RECOGNITION OF THE HEMPHILLIAN/BLANCAN BOUNDARY IN NEVADA

Abstract The boundary between Hemphillian and Blancan North American Land Mammal Ages has been elusive and equivocal. Our work identifies that boundary at about 4.9 to 5.0 Ma, based on paleomagnetic and radioisotopic dating of strata producing Blancan and Hemphillian mammals in Meadow and Spring Valleys of Lincoln County, eastern Nevada, and in the Pine Nut Mountains of western Nevada. Magnetostratigraphic study of the Panaca Formation in Lincoln County yielded a composite section with six magnetozones. The Healdsburg Tephra was identified near the top of the section in Meadow Valley, thereby placing the Lincoln County composite section relative to the Geomagnetic Polarity Time Scale (GPTS). The arvicolid rodent Mimomys, an indicator of the Blancan LMA, appears near the base of magnetic chron C3n.3r, about 4.98 Ma, in the Panaca Formation.
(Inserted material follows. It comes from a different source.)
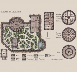 The Tower of Tomes is flanked by a pair of cloisters that face inward toward a walled, forested garden where cascades of endlessly pumped water babble past many small bowers and contemplation nooks. At the far end of the East Cloister is the Scroll House, where the temple staff dwell amid newly acquired books and scrolls to be repaired and cataloged.

Both Blancan and Hemphillian mammals have been reported from a stratigraphic sequence near Buckeye Creek in the Pine Nut Mountains of western Nevada. Magnetostratigraphic study of this area produced a thick (280 m) section with six magnetozones. A pumice layer near the top of magnetozone D+ yielded an 40Ar/39Ar date of 4.96 Ma, thereby correlating magnetozone D+ with Chron C3n.4n (Thvera subchron) of the GPTS. A Hemphillian rhino is recorded below the pumice layer and a Blancan bear is recorded above it. Correlation of the Lincoln County and Pine Nut Mountain sections in Nevada is consistent with placement of the Hemphillian/Blancan boundary in chron C3n.3r or the top of chron C3n.4n of the GPTS, about 4.9 to 5.0 Ma.